> _What is being asked_: Copy out the full listing below as it stands, with its pictures left behind.

> _Dataset extract_:

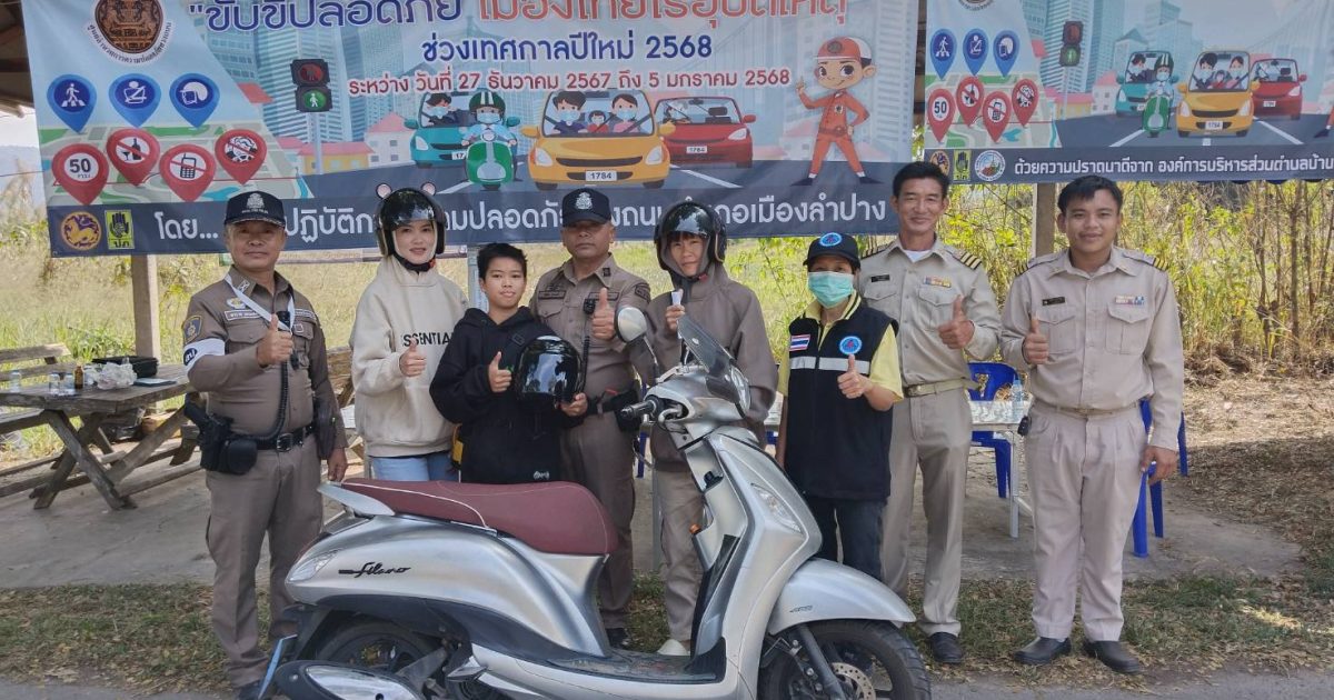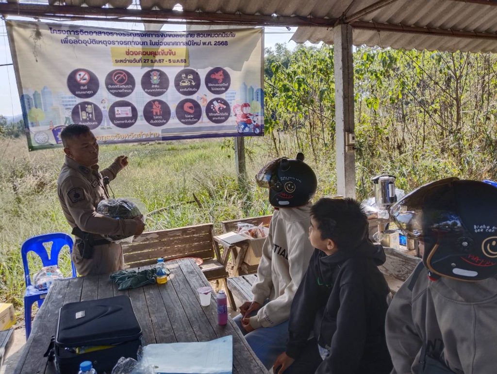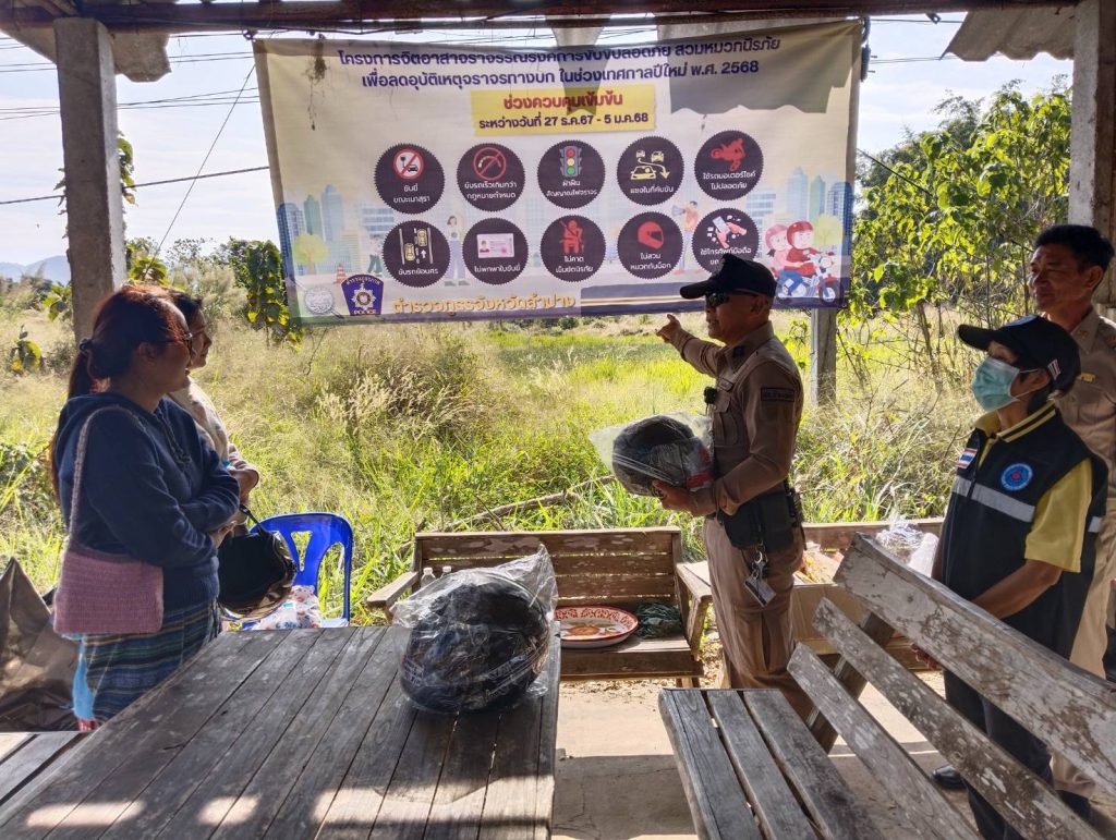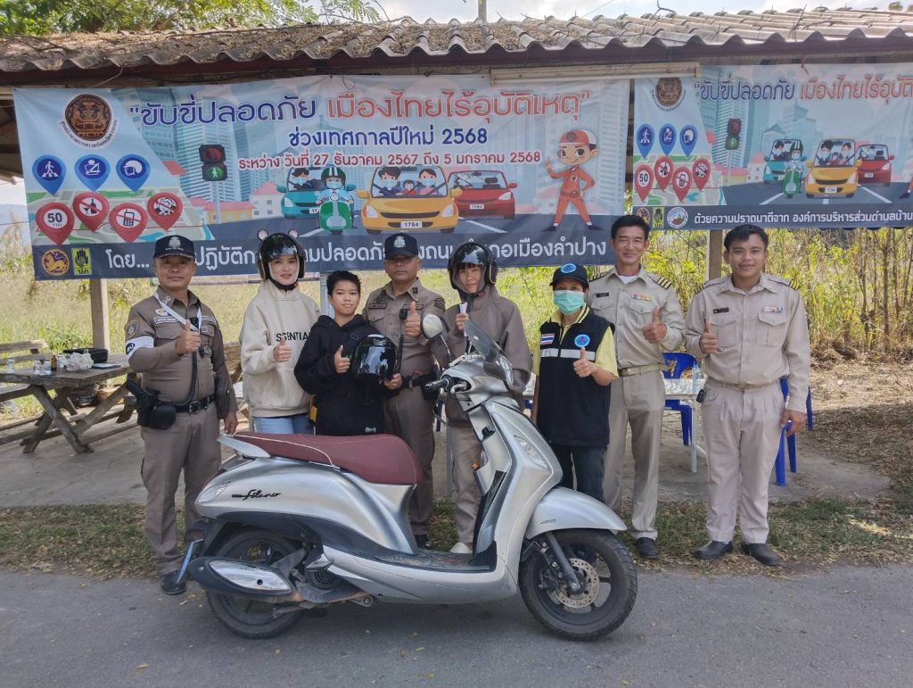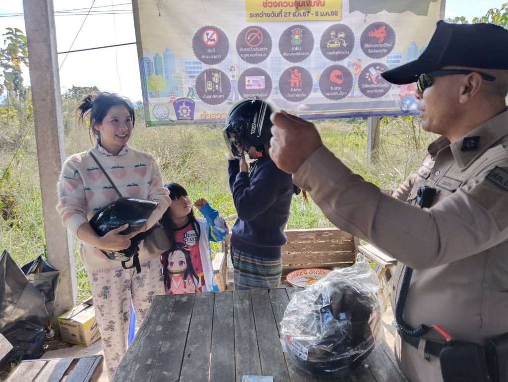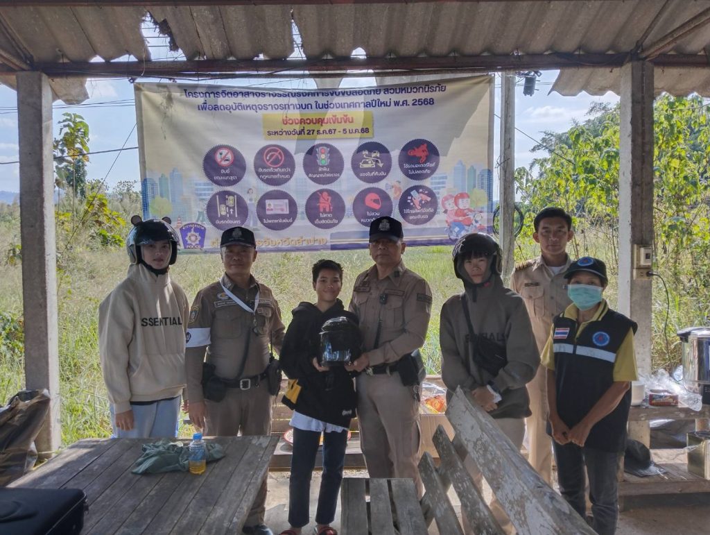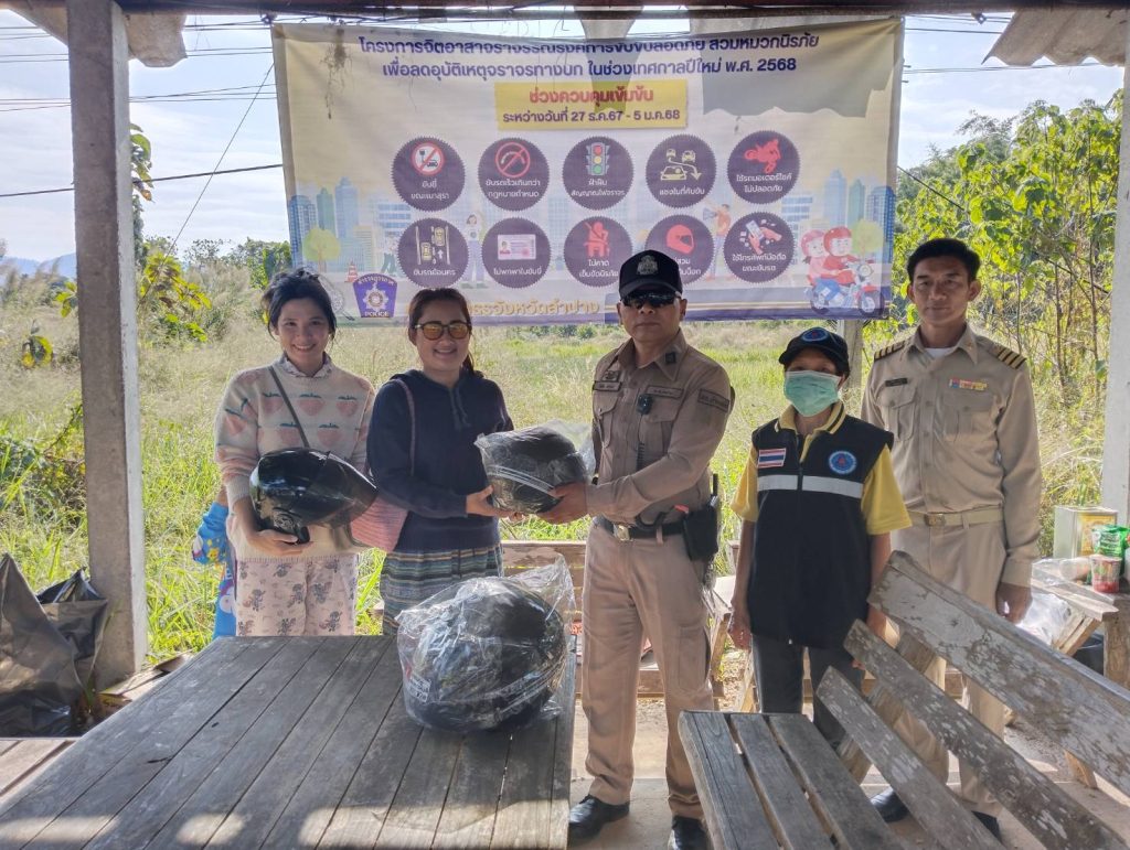 วันที่ 1 มกราคม 2568 เวลา 10.00 น. โดยการอำนวยการของ พ.ต.อ.ชวลิต จินดารัตน์ ผกก.สภ.บ้านเสด็จ ,พ.ต.ท.พงษ์ศิลป์ ธนะภาษี รอง ผกก.ป.สภ.บ้านเสด็จ มอบหมายให้ พ.ต.ท.โสกิจ วรวงศ์ สวป.สภ.บ้านเสด็จ พร้อมด้วยข้าราชการตำรวจ สภ.บ้านเสด็จ ร่วมกันแจกหมวกนิรภัยซึ่งได้รับมาจากสำนักงานตำรวจแห่งชาติให้แก่ประชาชนตามโครงการจิตอาสาจราจร รณรงค์การขับขี่ปลอดภัย สวมหมวกนิรภัย เพื่อลดอุบัติเหตุจราจรทางบกในช่วงเทศกาลปีใหม่ พ.ศ.2568 ตำรวจภูธรจังหวัดลำปาง ณ จุดตรวจร่วมหน้า สภ.บ้านเสด็จ
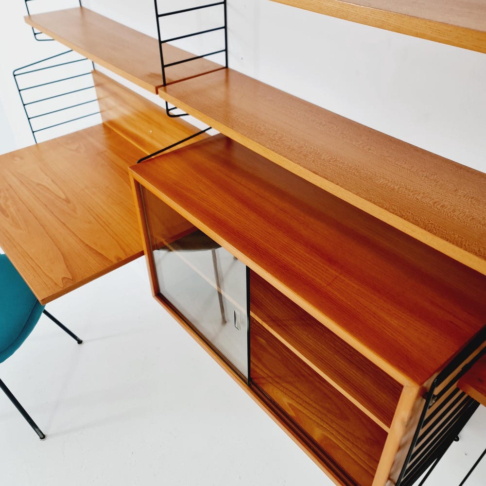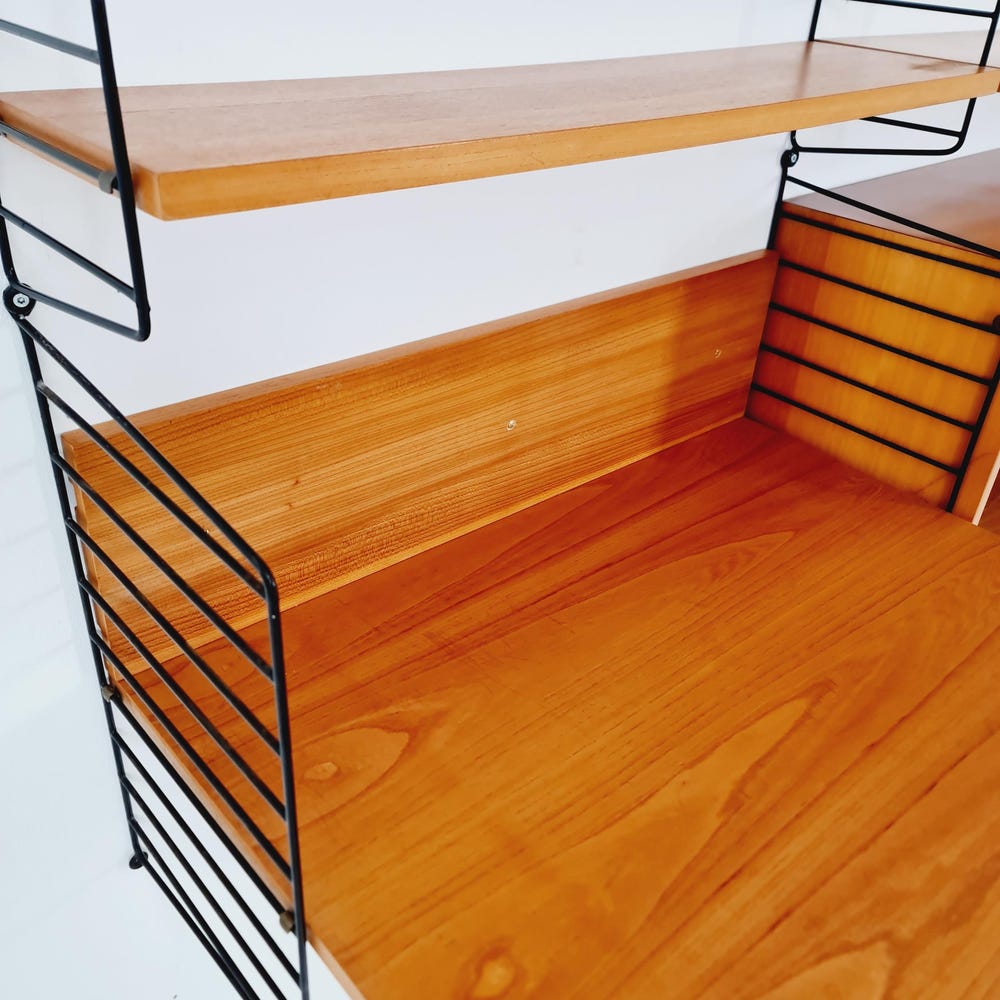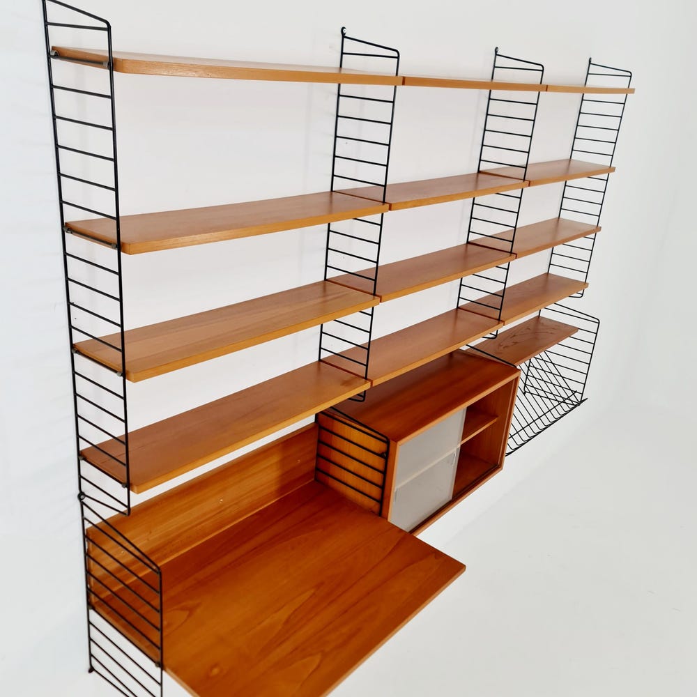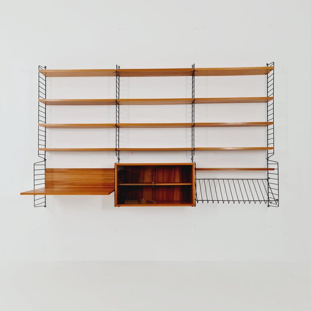 Wall-mounted original Swedish string shelf system, drawers, bookcase Ash wood by Nils & Kajsa Strinning, 1960s
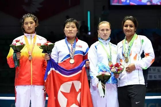 李倩(左一)获第十七届韩国仁川亚运会女子拳击比赛75公斤级银牌
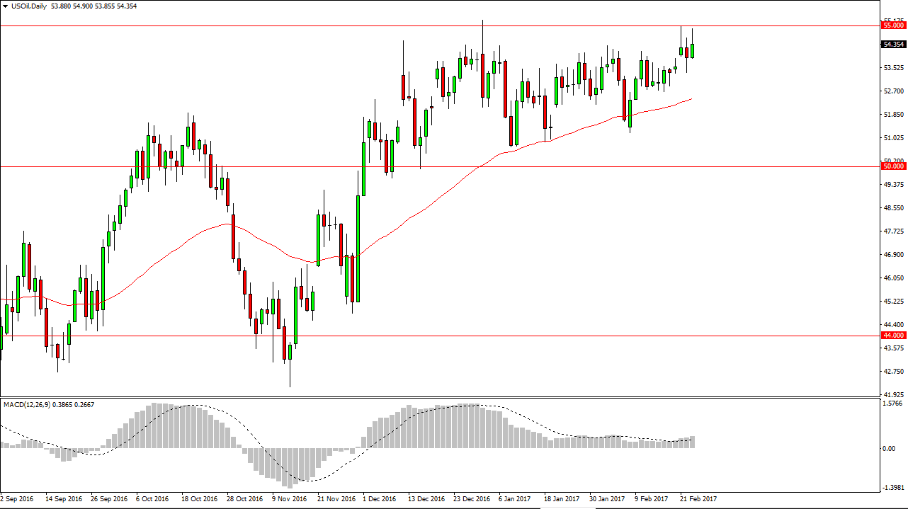 The WTI Crude Oil market rally during the day on Thursday, as the building inventories was less than expected. However, the market looks like it is still going to struggle with the $55 level. That resistance should continue to be a problem in this market, and I believe that as soon as we break above the $55 level that you can start buying this market. If we can go back and forth in the meantime, I think that short-term traders will continue to take advantage. Longer-term, I still believe in the bearish picture, because quite frankly the oversupply is getting out of control. However, you have to follow what the market does, not what it should do.

> _Finished exercise_:
 วันที่ 1 มกราคม 2568 เวลา 10.00 น. โดยการอำนวยการของ พ.ต.อ.ชวลิต จินดารัตน์ ผกก.สภ.บ้านเสด็จ ,พ.ต.ท.พงษ์ศิลป์ ธนะภาษี รอง ผกก.ป.สภ.บ้านเสด็จ มอบหมายให้ พ.ต.ท.โสกิจ วรวงศ์ สวป.สภ.บ้านเสด็จ พร้อมด้วยข้าราชการตำรวจ สภ.บ้านเสด็จ ร่วมกันแจกหมวกนิรภัยซึ่งได้รับมาจากสำนักงานตำรวจแห่งชาติให้แก่ประชาชนตามโครงการจิตอาสาจราจร รณรงค์การขับขี่ปลอดภัย สวมหมวกนิรภัย เพื่อลดอุบัติเหตุจราจรทางบกในช่วงเทศกาลปีใหม่ พ.ศ.2568 ตำรวจภูธรจังหวัดลำปาง ณ จุดตรวจร่วมหน้า สภ.บ้านเสด็จ
 Wall-mounted original Swedish string shelf system, drawers, bookcase Ash wood by Nils & Kajsa Strinning, 1960s
 李倩(左一)获第十七届韩国仁川亚运会女子拳击比赛75公斤级银牌
 The WTI Crude Oil market rally during the day on Thursday, as the building inventories was less than expected. However, the market looks like it is still going to struggle with the $55 level. That resistance should continue to be a problem in this market, and I believe that as soon as we break above the $55 level that you can start buying this market. If we can go back and forth in the meantime, I think that short-term traders will continue to take advantage. Longer-term, I still believe in the bearish picture, because quite frankly the oversupply is getting out of control. However, you have to follow what the market does, not what it should do.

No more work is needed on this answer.